Work request: Write the listing out again word for word, excluding any pictures.

■ ■ ■

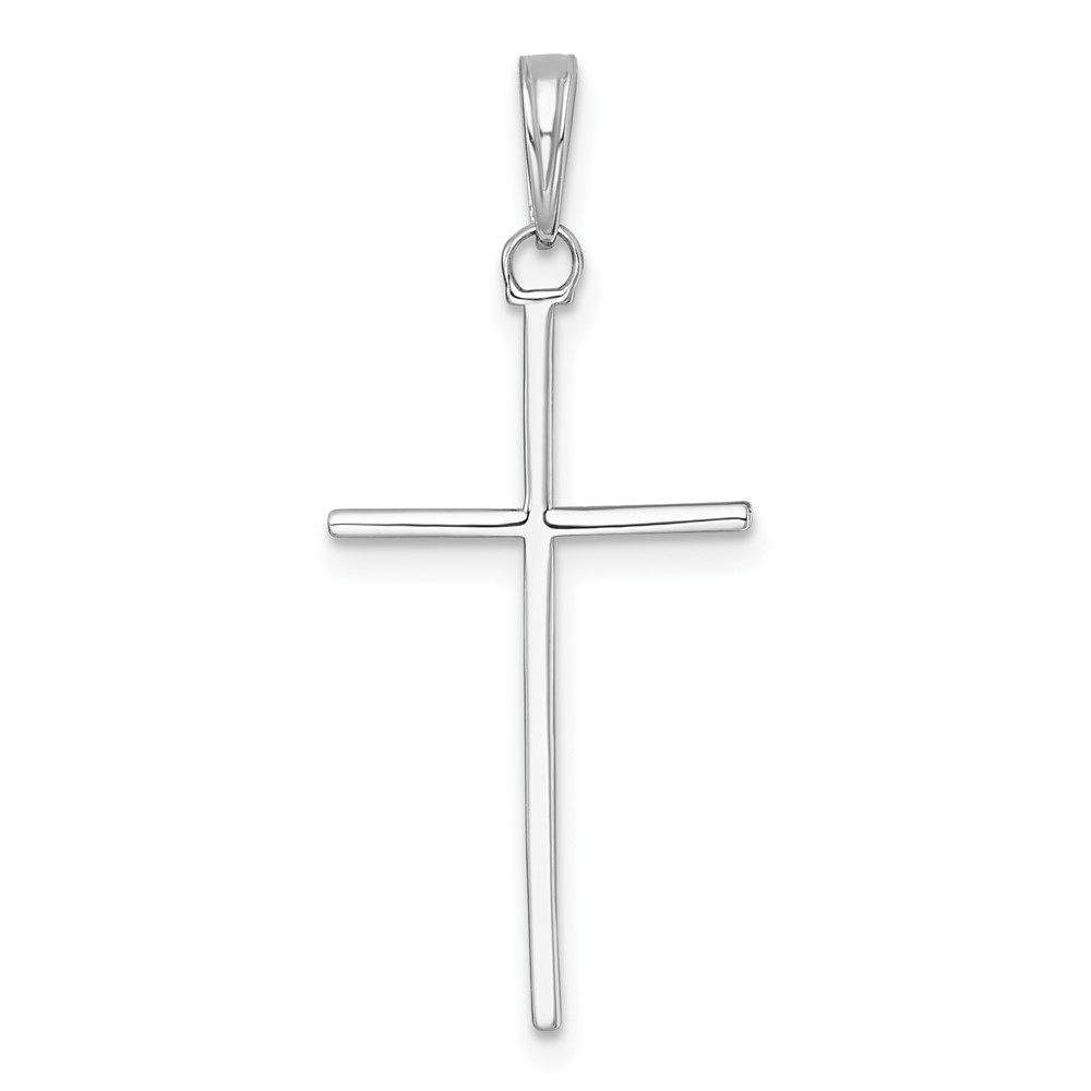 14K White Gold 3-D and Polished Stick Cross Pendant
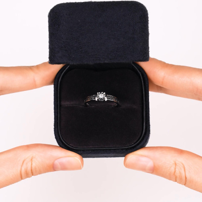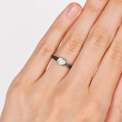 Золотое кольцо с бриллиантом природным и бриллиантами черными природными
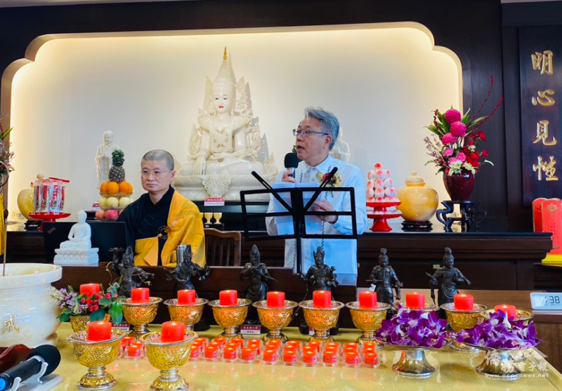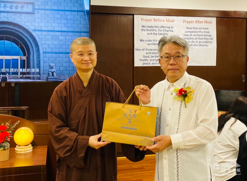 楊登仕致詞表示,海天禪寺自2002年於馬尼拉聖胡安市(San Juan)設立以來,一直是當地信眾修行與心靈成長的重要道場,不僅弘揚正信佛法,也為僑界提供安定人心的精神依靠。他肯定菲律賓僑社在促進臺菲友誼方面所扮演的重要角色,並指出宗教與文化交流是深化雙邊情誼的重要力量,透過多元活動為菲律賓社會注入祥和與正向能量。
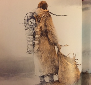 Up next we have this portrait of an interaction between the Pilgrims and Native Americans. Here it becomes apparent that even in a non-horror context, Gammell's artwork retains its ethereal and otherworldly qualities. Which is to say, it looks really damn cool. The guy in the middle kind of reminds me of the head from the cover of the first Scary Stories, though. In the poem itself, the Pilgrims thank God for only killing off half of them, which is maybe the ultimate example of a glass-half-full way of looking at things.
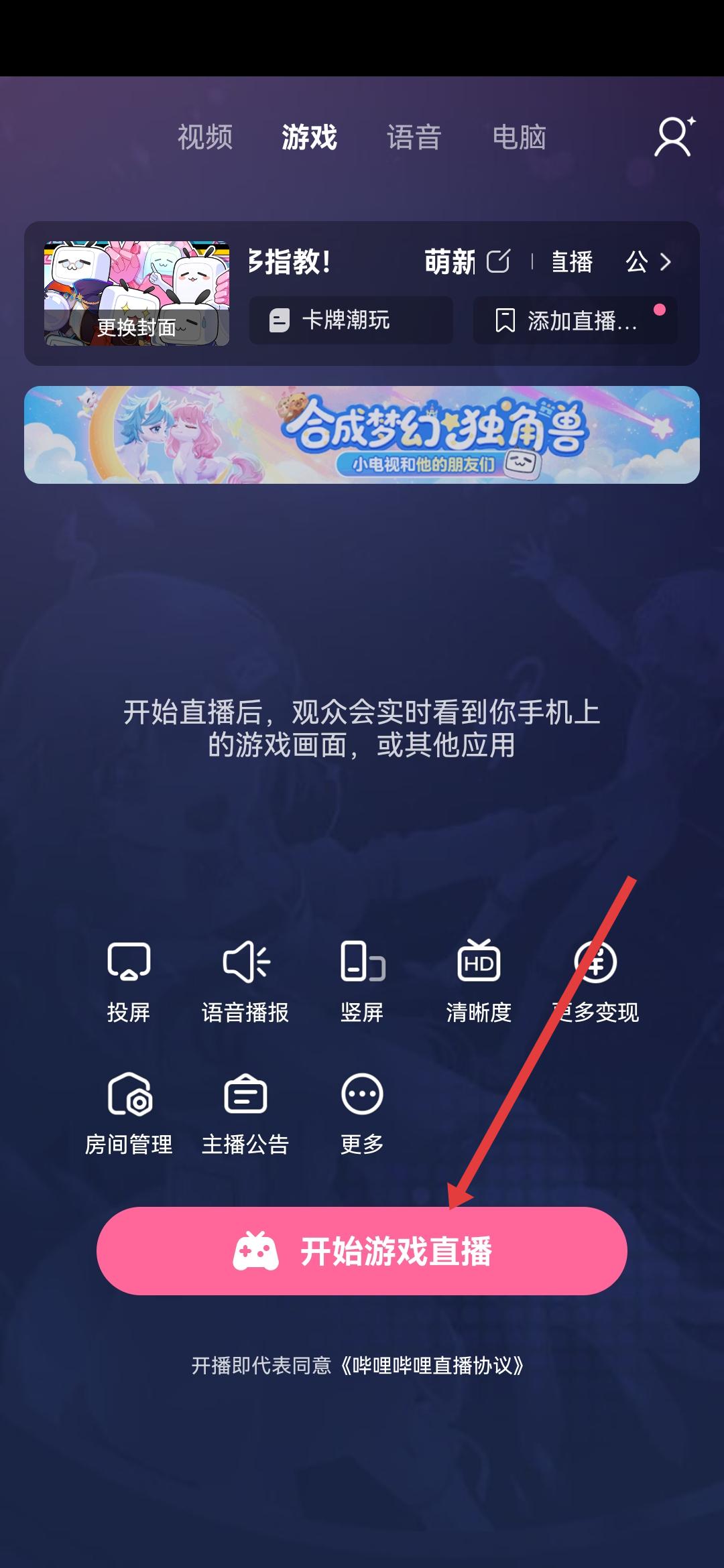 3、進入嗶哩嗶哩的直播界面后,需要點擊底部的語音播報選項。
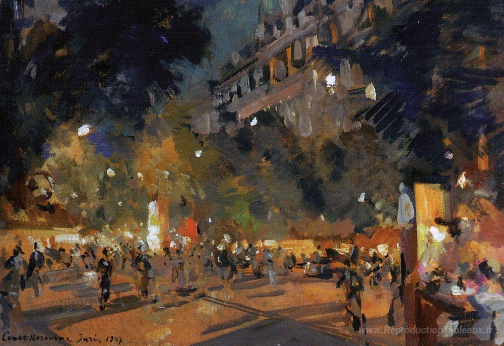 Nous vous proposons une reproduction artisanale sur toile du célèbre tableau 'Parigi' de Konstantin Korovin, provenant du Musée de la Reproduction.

■ ■ ■

Output for this exercise:
 14K White Gold 3-D and Polished Stick Cross Pendant
 Золотое кольцо с бриллиантом природным и бриллиантами черными природными
 楊登仕致詞表示,海天禪寺自2002年於馬尼拉聖胡安市(San Juan)設立以來,一直是當地信眾修行與心靈成長的重要道場,不僅弘揚正信佛法,也為僑界提供安定人心的精神依靠。他肯定菲律賓僑社在促進臺菲友誼方面所扮演的重要角色,並指出宗教與文化交流是深化雙邊情誼的重要力量,透過多元活動為菲律賓社會注入祥和與正向能量。
 Up next we have this portrait of an interaction between the Pilgrims and Native Americans. Here it becomes apparent that even in a non-horror context, Gammell's artwork retains its ethereal and otherworldly qualities. Which is to say, it looks really damn cool. The guy in the middle kind of reminds me of the head from the cover of the first Scary Stories, though. In the poem itself, the Pilgrims thank God for only killing off half of them, which is maybe the ultimate example of a glass-half-full way of looking at things.
 3、進入嗶哩嗶哩的直播界面后,需要點擊底部的語音播報選項。
 Nous vous proposons une reproduction artisanale sur toile du célèbre tableau 'Parigi' de Konstantin Korovin, provenant du Musée de la Reproduction.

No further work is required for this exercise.